Individual factors included as the predictors of well-being cover gender (1 = girl, 2 = boy) and socioeconomic status. An original SES variable (SES_IRT) was used, representing a continuous scale constructed using Item Response Theory (IRT). For more information on how the original variable was constructed, please refer to the REDS User Guide (UNESCO and IEA, 2022). Additionally, three of the newly constructed scales (average of items) were included as constructs covering mental and physical health (i.e., academic anxiety, COVID-19 anxiety, physical engagement).
Social factors included as the predictors of well-being covered the support given by teachers and the school. Items from two questions were employed. Teacher support (Q21) captures students’ perceptions of the support provided by their teachers during the COVID-19 disruption (teachers’ availability, efforts to stay in contact, interest in students’ learning, the quality of teacher-student relationships, encouragement to learn, and responsiveness to individual needs). Responses that were rated on a 4-point Likert scale ranging from 1 (Strongly agree) to 4 (Strongly disagree) were recoded so that higher scores indicate higher perceived support. School well-being information provision (Q23) covers the extent to which students received helpful information from their school or teachers related to well-being during the COVID-19 disruption. It includes four items covering topics such as personal safety, healthy eating, healthy working habits (e.g., taking breaks), and maintaining physical fitness. Response options were: 1 (Yes, and it was helpful), 2 (Yes, but it was not helpful), and 3 (No), allowing differentiation between a mere provision of information and its perceived usefulness.

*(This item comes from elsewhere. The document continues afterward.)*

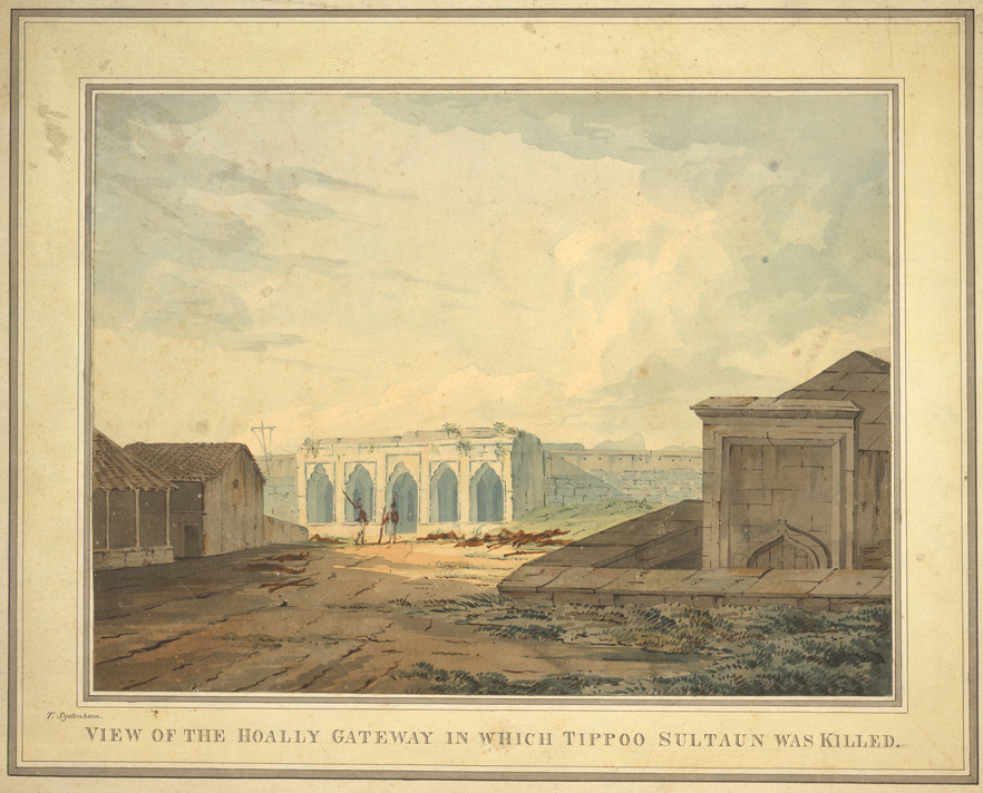 View of the Hoally Gateway, where Tipu Sultan_was killed, Seringapatam (Mysore). Watercolour of a view of Hoally Gateway in Seringapatam.

Environmental factors reflected changes in adolescents’ lived experiences due to the COVID-19 pandemic. We included items from two question blocks: Home learning conditions during the pandemic (Q17) and Changes in learning aspects during the pandemic (Q18). The Home learning conditions assess the environment in which students engaged in learning at home during the COVID-19 disruption (access to a quiet study space, feelings of safety at home compared to school, responsibilities for caregiving, and availability of resources for schoolwork). Students responded using a 4-point frequency scale: 1 (Never or hardly ever), 2 (Sometimes), 3 (Most of the time), and 4 (Always). The Changes in learning aspects measured students’ perceptions of how the pandemic affected their learning (perceived changes in the quality of schoolwork, level of distractions, and confidence in completing schoolwork). Each item was rated using a 3-point scale: 1 (Increased during the COVID-19 disruption), 2 (Did not change), and 3 (Decreased during the COVID-19 disruption).
2.2.4 Analysis
The scales were constructed using exploratory factor analysis (EFA) with principal axis factoring and equamax rotation with Kaiser normalization, on data including student sampling weights, using IBM SPSS Statistics 30. Based on eigenvalues greater than 1, and good interpretability of all factors, a three-factor solution was retained in the first scale (Q24), explaining 47.63% of the total variance (academic anxiety 18.41%, social well-being 14.97%, and COVID-19 anxiety 14.25%) and a two-factor solution for the second scale (Q25), accounting for 40.16% of the variance (emotional well-being 25.66% and physical engagement 14.50%). We interpreted the item loadings according to Tabachnick and Fidell (2006), suggesting cut-off values of 0.32 (poor), 0.45 (fair), 0.55 (good), 0.63 (very good) or 0.71 (excellent). Items were assigned to individual scales based on their factor loadings. After reviewing the content of the items, the majority of the items from Q24 and Q25 were reverse-coded so that higher scores corresponded to higher levels of agreement (1 - strongly disagree; 4 - strongly agree). Only the items covering emotional well-being stayed in their original format. Final scales were calculated by averaging responses to the included items, provided that at least half of the items had been completed. The R Analyzer for Large-Scale Assessments (RALSA; an R package for analyzing data from large-scale assessments that use complex sampling and assessment designs; Mirazchiyski, 2021) was used to identify the predictors of the well-being constructs using a linear regression procedure, which allows the appropriate use of sampling weights to properly estimate the standard error of the parameters in the population. The distribution of item responses is provided in Table B3 in Supplementary materials.
3 Results
First, a summary of the findings from the systematic review is provided, which includes an overview of various studies on the predictors of adolescent well-being during the COVID-19 pandemic, utilizing different methods and covering a wide range of ages, samples, and geographical regions. Second, we identify several factors, including demographic, lifestyle, social, COVID-related, and health-related influences, that predicted adolescent well-being during school closures. Finally, the results of two multiple linear regression models for social and emotional well-being using the REDS data from a representative sample of students from Slovenia are presented.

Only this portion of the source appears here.